Intro a parte, molto old style, con ‘Mainmast (Craving Silence)’ i White Thunder raggiungono i livelli più alti del disco. I verse sono onirici, aleatori e coinvolgenti, complice la presenza di cori fuori campo e le belle parti di chitarra. Si entra nel mood vero e proprio con la potenza che contraddistingue il combo. Oseremmo dire che alcune vibrazioni ci ricordano quel capolavoro che fu ‘Shelter Me’ dei Fates Warning (da Inside Out del 1994) sia per atmosfere che per l’opposizione tra le parti soft e quelle in groove.
Come in parte anticipato, uno dei punti di forza dei White Thunder è l’incredibile capacità di scrivere degli intro molto interessanti, a prescindere da come si evolverà la song stessa; c’è da riconoscere che lo start in ogni track risulta davvero accattivante. Ne è l’ennesima conferma l’intro di ‘Everlasting Sight’, ma qui ovviamente non c’è solo quello, infatti in questo brano si trovano davvero tutte le sfaccettature del loro sound. Prog, Death, Thrash in un mix brillante e potente. I controcanti nella prima sezione sono il valore aggiunto del brano.
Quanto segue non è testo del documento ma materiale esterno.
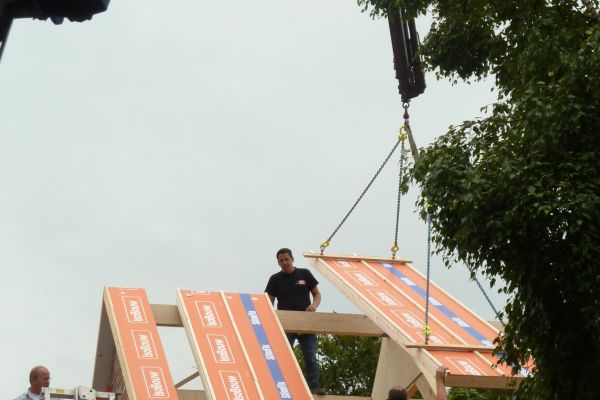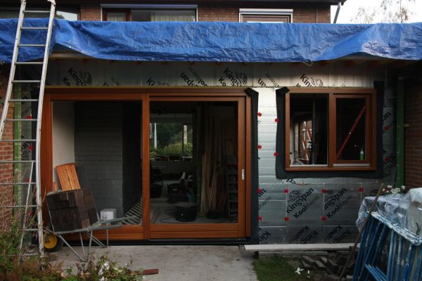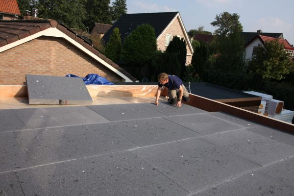 Zolder is geïsoleerd met EPS dakelementen (Rc = 3 m2.K/W); uitbouw is geïsoleerd met EPS isolatieplaten (2x 10 cm, Rc = 6 m2.K/W)

‘Wait For The Sun’ nasce come ballata per piano e voce, incredibile è la resa sonora iniziale che ricorda una piccola gemma (in alcuni passaggi strumentali) di una band importantissima del nostro panorama. Parliamo dei Time Machine e il brano in questione è ‘I Can Smile’, ovvero la chiusa di un disco (‘Act II: Galileo’ album del 1996) forse troppo avanti ai tempi della sua uscita. Tornando ai White Thunder la track si evolve in potenza e si collega alla seguente ‘Maximum’. Altro attacco interessantissimo e ispirato.
Seguono ‘Kúma’ e in chiusura ‘Away From The Sun (H_T_C_B_H_)’ che confermano la brillante prova dei White Thunder fino a definirli come una realtà musicale da seguire in futuro con interesse e attenzione.